Donovan Siers was arrested and charged with a DUI in 2008.  Following the arrest, police asked Siers for a blood sample, which he refused.  Siers alleges that police then restrained him in a chair and forcibly took a blood sample for BAC testing. According to the blood test, Siers’ BAC level was nearly three times the legal limit. He was subsequently charged and convicted for driving under the influence of alcohol.  Siers has been serving time in prison since his trial, his third DUI related conviction.

Did police act unconstitutionally when they took Siers’ blood without his consent and without a warrant?  This is the issue that went before the South Dakota Supreme Court in March 2014.  Siers claims that since the officers did not have his consent, they should have sought a warrant for his blood before taking it.  The reason Siers is appealing his 2008 conviction stems from a 2013 United States Supreme Court ruling.  In Missouri v.
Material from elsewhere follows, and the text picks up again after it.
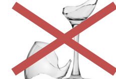
Broken/unbroken glasses & crockery
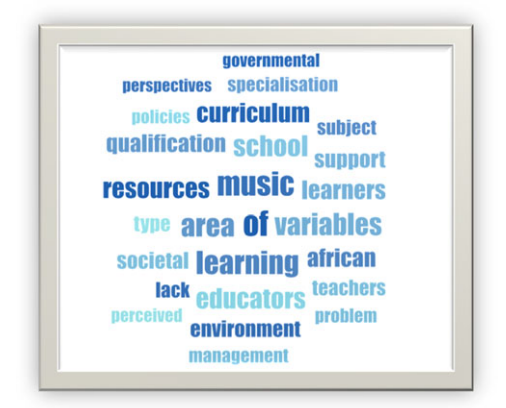
Figure 3. Word Cloud - Klopper (2005) variable research study.

McKneely, the U.S. Supreme Court held that if police cannot get the suspect’s consent for a blood draw, they must generally get a warrant to obtain the blood.   The ruling states that even though alcohol dissipates into the bloodstream over time that is not urgent enough to justify conducting a blood test without a warrant (or consent) in most cases.  The ruling in the McKneely case has had a widespread effect on DUI cases around the country since 2013.  Siers is arguing that the decision should be applied retroactively to his 2008 conviction.

The South Dakota Attorney General’s office is defending the officers’ actions to take Siers’ blood without his consent or a warrant.  The Attorney General argued that because the McKneely decision was handed down years after Siers’ conviction, the decision cannot apply to Siers’ case.  South Dakota Attorney General Marty Jackley defended police practices, stating, “If you drive on our roads in South Dakota and you give actions that give rise to a belief, or probable cause, that you’ve been drinking you have to subject yourself to a blood test.  That’s what our legislature and governor have put into law.”  Jackley claims that if the South Dakota Supreme Court applies the McKneely decision retroactively, it could affect hundreds of cases similar to Siers.’  A decision is expected from the South Dakota Supreme Court later this year.